— Этот недобитый украинский националист когда-нибудь нарвется. Пусть скажет спасибо, что я добрый.

Мальцев — лучший плотник, все командные землянки в Кандалакше построил. Кузаев иначе не обращается к нему, как Илларион Петрович.

— …девушка и тебе понравится. Такая не может не понравиться. — Колбенко вытер губы — примета хорошего настроения. — Я подошел… Как тебя зовут? Она — реверансик… Кукареки… Вообрази. Я засмеялся. А у нее только глаза смеются. Какие глаза! Я, старик, утонул в них. А произношение какое! Мы с тобой никогда не научимся так говорить по-русски… А ты говоришь — финка.

И мое желание протестовать отступило. Появилось недоумение, удивление. Однако и оно меня испугало. Что делается со мной? Колбенко ни про одну из наших девушек так не отзывался, для него в военном плане они — бойцы, в человеческом — дочки.
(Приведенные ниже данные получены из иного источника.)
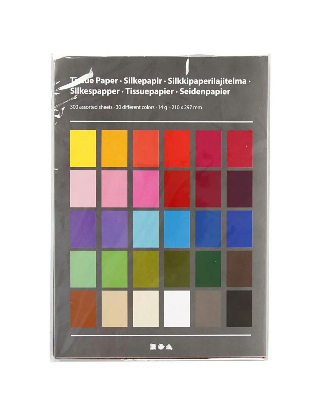 Tissuepapier A4 Gekleurd, 300st. In de verpakking zitten 300 vellen gekleurd vliegerpapier waarvan iedere kleur 10 keer. Afmeting: 21,0 x 29,7 centimeter.

Видимо уловив мое удивление, он прекратил разговор о новеньких. Снова сел на пол, стал обуваться. И — совсем о другом:

— Город собирается встречать первый поезд из Ленинграда. Хочешь, сходим?

— Хочу!

Обрадовался я предложению, понял, что смогу переключиться на другое. Произойдет что-то новое, необычное. Я же не видел его еще, освобожденный город. Давно не наблюдал гражданской жизни. Да и событие какое: первый поезд из Ленинграда! Как его будут встречать? Всмотреться в лица людей — кто как будет радоваться? И тут же вспомнил Женю Игнатьеву. Обязательно сказать ей!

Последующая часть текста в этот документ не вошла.